Dakota was shocked to discover her throat was dry with the anticipation of bloodshed.
Severn’s fingers began to drift downwards, but Dakota failed to respond. After a few more seconds he finally got the message and pulled back with another sigh.
‘Bloodthirsty, ain’tcha?’ he said, patting her on the shoulder.
Her skin prickled with the cold. Everywhere on Redstone was cold. She suspected that in some warped way it was a reason why the Freeholders wanted to live here. They didn’t seem the kind of people who would thrive in a tropical, sunny environment.

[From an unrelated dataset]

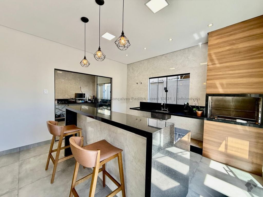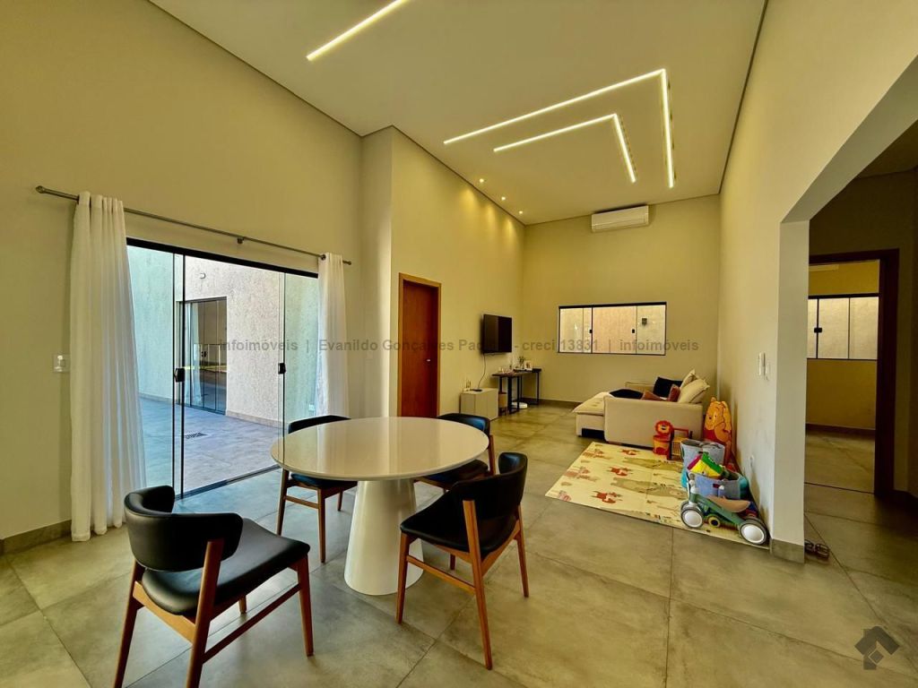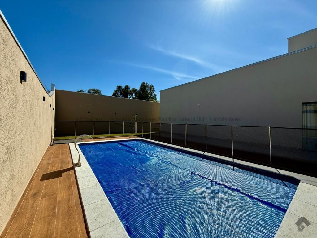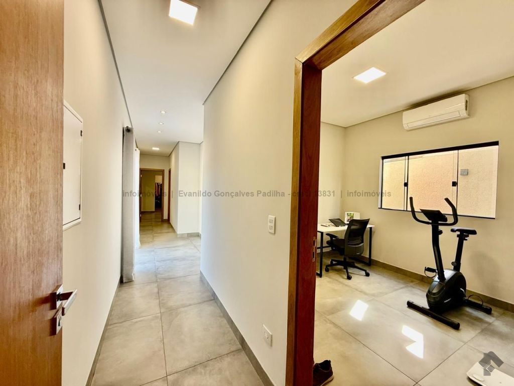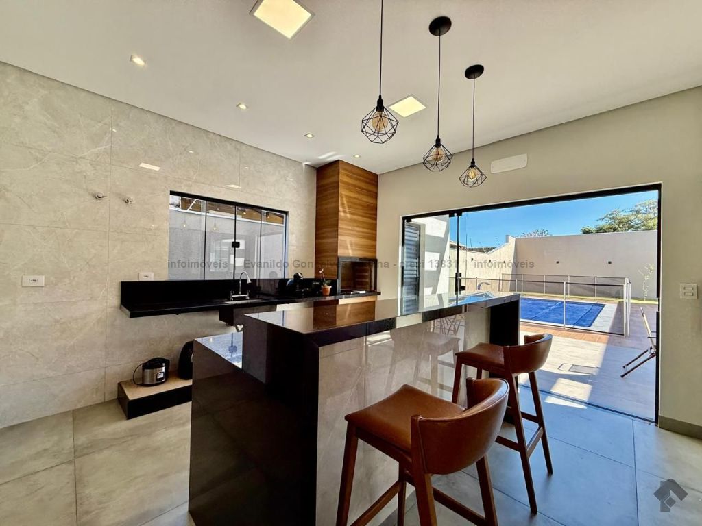 Maravilhosa casa térrea com 3 suítes e piscina no Rita Vieira. Área total de 450 m², área construída de 200 m² e piscina medindo 3,5 x 7 m, totalizando 24,5 m². Descritivo: 3 suítes, incluindo uma com closet espaçoso, escritório, sala de estar ampla com pé direito alto, ideal para 2 ambientes, cozinha gourmet integrada, 2 lavabos, lavanderia fechada e reservada, piscina aquecida e energia fotovoltaica.

‘Hey, not bloodthirsty. Just curious.’
The Freehold was scheduled to lead an assault on Cardinal Point, a highly fortified Uchidan settlement about two thousand kilometres north-west of the skyhook, where it was believed Banville was currently being held captive. The Consortium were technically present here in a purely advisory role, but the Freeholder troops would be flown in aboard Consortium craft, piloted by Consortium military staff, with orbital reconnaissance and support from the Consortium also.
Less than three days from now, Dakota would be piloting one of a dozen dropships in towards Cardinal Point for the rescue attempt.
Over the past several days they’d received an intensive briefing on the nature of the conflict. Because Dakota came from the same world as Banville, a lot of it was old news to her but, even so, she hadn’t been aware of much of the historical background.